= Samuel Clarke (annotator) =

English Nonconformist clergyman

Samuel Clarke or Clark (1626–1701) was an English Nonconformist clergyman known as an assiduous annotator of the Bible.

==Life==
He was the eldest son of Samuel Clarke (1599–1683), and was born at Shotwick, near Chester, on 12 November 1626. He was educated at Peterhouse, Cambridge; and was appointed fellow of Pembroke Hall by Edward Montagu, 2nd Earl of Manchester on 13 March 1644. Refusing to take the engagement of fidelity to the Commonwealth, exacted in April 1649, he was deprived of his fellowship in 1651 (after 3 April).
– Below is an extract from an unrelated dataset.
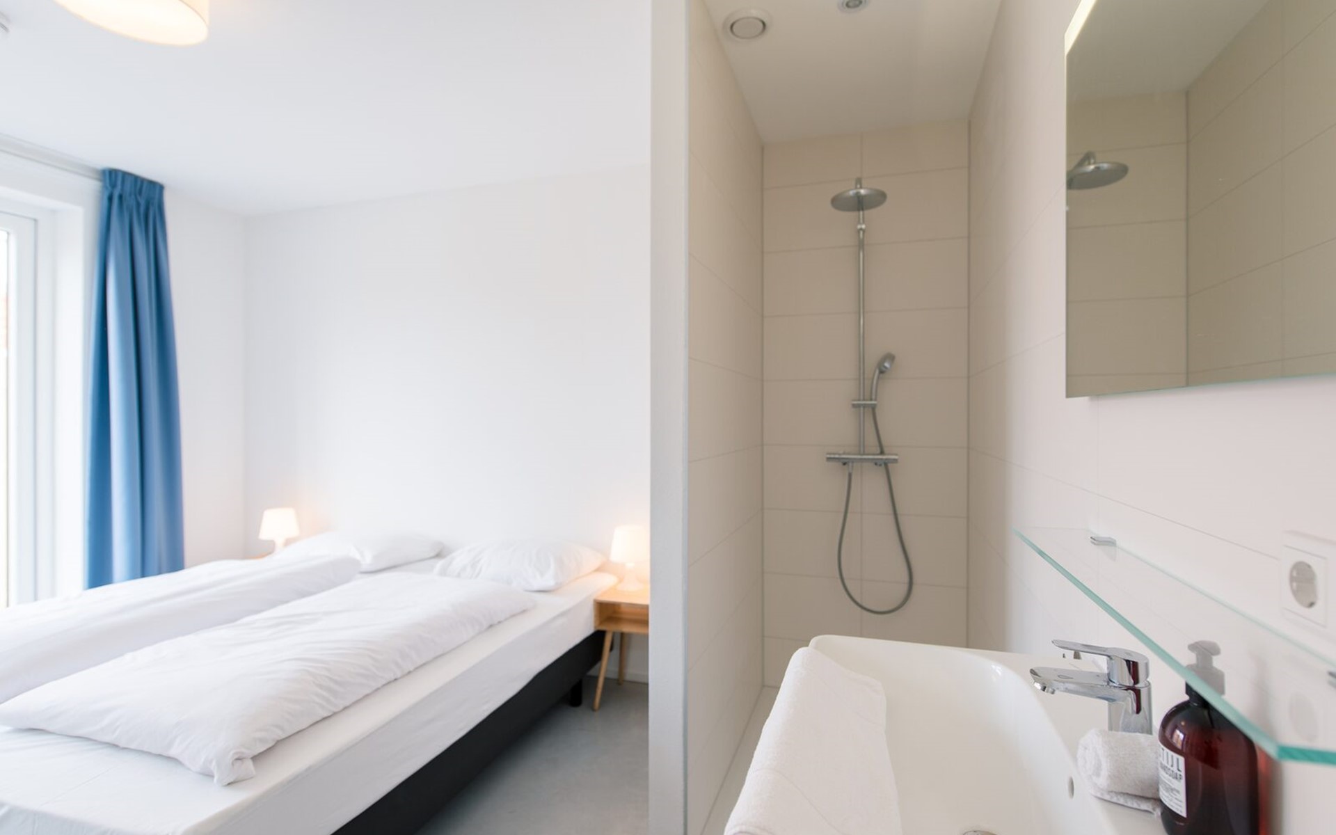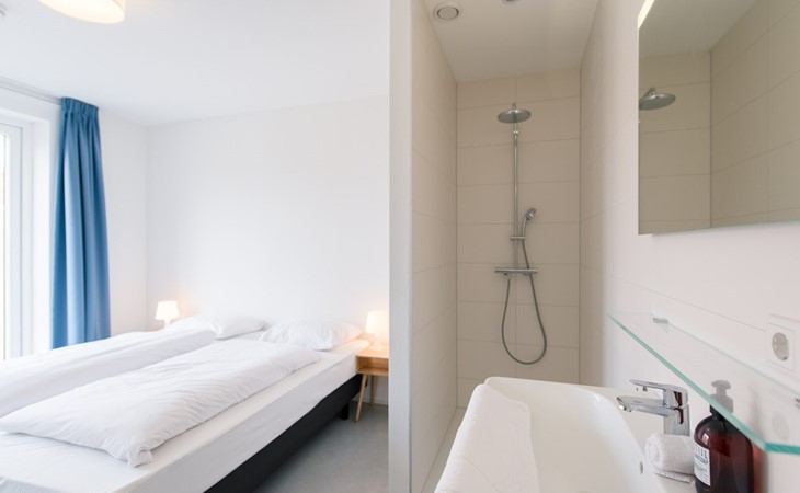 - 1x bedroom on the 1st floor with box-spring beds, ensuite shower and sink.

At the Restoration he held the rectory of Grendon Underwood, Buckinghamshire. He was ejected after the Act of Uniformity 1662.

The son was more advanced than his father in his nonconformity. After a sojourn at Upper Winchendon, Buckinghamshire, the seat of Philip Wharton, 4th Baron Wharton, he settled at High Wycombe, in the same county. There he gathered a congregation, originally Presbyterian, by then independent. He assisted in the ordinations which kept up the succession of nonconformist ministers. Clarke died at High Wycombe on 24 February 1701. Samuel Clarke (1684–1750) of the Scripture Promises was his grandson.

==Works==
His theology was of the Baxterian type. The work of his life was his annotated edition of the Bible, published in 1696. This was already planned by him as an undergraduate; the notes are brief. The work had the approval of John Owen, Richard Baxter, Philip Doddridge, George Whitefield, and William Cleaver.

He published, besides separate sermons:

- ‘The Old and New Testaments, with Annotations and Parallel Scriptures,’ &c. 1690, fol., reprinted 1760, and Glasgow, 1765; in Welsh, 1813.
- ‘An Abridgement of the Historical Parts of the Old and New Testament,’ 1690.
- ‘A Survey of the Bible; or an Analytical Account of the Holy Scriptures by chapter and verse,’ &c., 1693 (intended as a supplement to the ‘Annotations’).
- ‘A Brief Concordance,’ &c. 1696.
- ‘Of Scandal’ (a treatise on the limits of obedience to human authority).
- ‘An Exercitation concerning the original of the Chapters and Verses in the Bible, wherein the divine authority of the Points in the Hebrew text is clearly proved,’ &c., 1698.
- ‘Scripture-Justification,’ &c., 1698, (written ‘almost twenty years’ before; Baxter had expressed a wish for its publication, but it was sent to press by John Humfrey, to whom Clarke had lent the manuscript on being asked for his opinion of Humfrey's ‘Righteousness of God,’ 1697).
- ‘The Divine Authority of the Scriptures asserted,’ &c., 1699, (in reply to Richard Simon and others; Clarke extends inspiration to the verse divisions as well as to the points in the Old Testament).